11 Responses to “Blue Flag Iris Cross for Sunday”

  1. What beautiful photos, Judy. We have iris, too — although we don’t have this one. Ours looks much the same, though; it’s called the Southern blue flag, or Iris virginica. I just found out that ‘flag’ as a name for the flower comes from Middle English ‘flagge’: rush, or reed. That explains that!

    Despite the differences, this is a gorgeous plant, and it is a wonderful gift for Sunday. Is this from your archives, or is it a recent photo? I’m asking because ours bloom only in spring — but there’s no telling what goes on over there in Florida! What really surprised me is that last photo, with the great variety of other plants around the iris. Are those ferns I see?

    I think these wild plants are much more attractive than the hybrid, garden varieties. What I especially enjoy is just coming across them — exactly the point you made!

    • Yes, your guess is correct! The image is one from March 4th of 2015 so an early Spring image really. I hadn’t forgotten I had it, just needed a reason to go back to it. Your information on ‘flag’ is great since I meant to look it up too. Fire flag or alligator flag is another aquatic plant I have photographed…a yummy treat for Purple Gallinules. And flag as rush or reed makes perfect sense.

      The last image with all the ferns and vines with the Blue Flag Iris does indeed have at least three types of ferns in it. While I did not look them up yet ( and I should know them…my bad) there is a frond of a leather fern laying in the scene.

      It is definitely fun to find such beautiful flowers in wild, untamed and undisciplined areas other than a cultivated garden.
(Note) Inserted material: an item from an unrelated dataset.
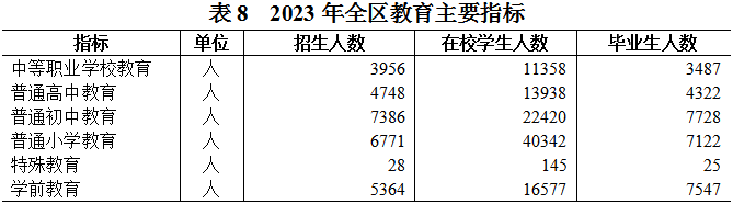 全區共有普通高等教育學校2所,中等職業學校2所,普通中學27所,普通小學49所,幼兒園130所,特殊教育學校1所。高中階段教育毛入學率98.5%,初中入學率100%,小學入學率100%,學前教育三年毛入園率92.1%。學前教育普惠率95.2%。九年義務教育鞏固率100%。?????????????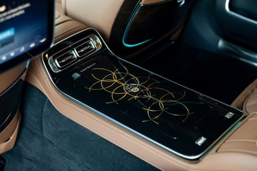 Централната конзола е с емблема „1 of 50“, специални декоративни шевове и възглавници с логото Maybach. В задната конзола е инкрустиран елемент с истински златни детайли, а покривната облицовка в традиционното кафяво с диамантен капитонаж завършва изисканата атмосфера.

  2. Such beautiful images, Judy. Thank you for sharing.

    • Glad you enjoyed them and it is certainly my pleasure. Might have been overkill to show three of the same flower but anything worth doing is worth over doing….so they say!! 🙂

  3. The iris is one of my favourite flowers. But the only variety that grows locally is the Yellow Flag . . . much more sturdy and substantial than your wonderfully delicate blue iris. And you’re right, sometimes a most startling or treasured flower can greet us, so unexpectedly. as we turn a corner.

    • Wilderness areas are like that really. A tangle of branches and foliage so complex as to not make a good photograph, but then something stands out…sometimes a bright flower or white bird or yellow snake! Yeah snakes. LOL!!

      • Or a wonderfully shaggy inkcap fungus (not yet ready to post the fungi photos but they are accumulating)

      • Oh I love earthy fungi, mushrooms and the like….photos can be very magical or interesting. I shoot them once in awhile if I see any on trees in the swamp.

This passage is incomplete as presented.